Por: Gustavo García Figueroa
Por estos días, la comunicación social en Colombia vive un dilema ético profundo y constante, quizás el más grave en la era de la información: la coexistencia —y confrontación— entre medios tradicionales e influenciadores de redes sociales. Ambos actores se disputan la atención y la credibilidad de una ciudadanía cada vez más fragmentada en sus fuentes de información. Pero en esa disputa, lo que se está perdiendo no es una narrativa ni una audiencia: lo que se desmorona es la posibilidad de tener un debate público transparente, informado y éticamente sustentado.
Los medios tradicionales operan bajo lógicas empresariales y políticas en las que las líneas editoriales son subordinadas a intereses económicos. No se trata solo de una inclinación ideológica. Se trata de estructuras de financiación con agenda y una evidente instrumentalización del periodismo para favorecer proyectos políticos, en muchos casos, de oposición sistemática al actual Gobierno Nacional.
A manera de ejemplo, las emisoras de la mañana, revistas semanales, diarios regionales, se han concentrado, la gran mayoría de su tiempo, a despotricar impúdicamente sobre el gobierno Petro, con un enfoque negativo que claramente desborda lo informativo y cae en encarnizamiento mezclando la cizaña y en algunos casos las fake news. Lo preocupante no es la crítica —que es indispensable en democracia—, sino la desproporción, el sesgo sistemático y la falta de contexto en la cobertura. Los grandes conglomerados mediáticos han pasado de informar a editorializar desde la primera línea de sus titulares, y eso erosiona la confianza pública.
En paralelo, han emergido miles de influenciadores en redes sociales, muchos de ellos sin formación en comunicación o verificación de datos, pero con gran poder de persuasión. Algunos se presentan como voces independientes, pero en algunos casos también responden a intereses no revelados, agendas de partidos, movimientos o financiadores anónimos. Muchos influyen más que los noticieros de televisión y, sin embargo, operan sin ningún tipo de regulación o estándar profesional.

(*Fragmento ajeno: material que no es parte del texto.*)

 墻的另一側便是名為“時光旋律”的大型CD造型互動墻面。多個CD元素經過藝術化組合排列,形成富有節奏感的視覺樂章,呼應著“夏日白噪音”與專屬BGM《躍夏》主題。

Y aquí viene la hipocresía: muchos periodistas tradicionales se burlan y desdeñan de los influenciadores por su falta de rigurosidad, al mismo tiempo que usan las mismas redes para convertirse ellos también en influenciadores. Critican los videos emocionales de TikTok o los hilos de X, pero publican contenidos con la misma carga emocional, sin mayor contraste, buscando viralidad. Reclaman la legitimidad de su título universitario, pero caen en las mismas prácticas que denuncian. ¿Dónde está, entonces, la diferencia? ¿con qué derecho critican que un contratista del gobierno trine o publique una información defendiéndolo si ellos hacen lo propio con la línea editorial de sus medios contratantes?
Lo cierto es que ni unos ni otros están exentos de responsabilidad. El problema no es solo quién tiene el micrófono o el celular, sino qué se hace con ese poder. Porque el verdadero dilema ético está en el ocultamiento de las fuentes de financiación, en la ausencia de rendición de cuentas, en el doble rasero para juzgar la legitimidad de una voz, y en la creciente incapacidad de la ciudadanía para distinguir entre opinión, información y manipulación.
La información ya no se construye con base en hechos, sino con base en intenciones; la crítica dejó de ser una herramienta para mejorar la gestión pública y se convirtió en una estrategia para desgastarla. La sociedad, bombardeada por titulares alarmistas, videos sacados de contexto y discursos incendiarios, ha perdido la brújula. La consecuencia es devastadora: desinformación, polarización y apatía.
En conclusión, si se normaliza que los medios tradicionales operen como partidos políticos con micrófono, y que los periodistas de esos medios se conviertan en influenciadores que poseen de prestigiosos comunicadores al tiempo que venden agendas políticas sin revelar quién los patrocina, entonces habremos renunciado, como sociedad, al derecho de estar bien informados.
Y cuando la información deja de ser un bien público y se convierte en mercancía o propaganda, la democracia se tambalea. No es una exageración. Es una alerta.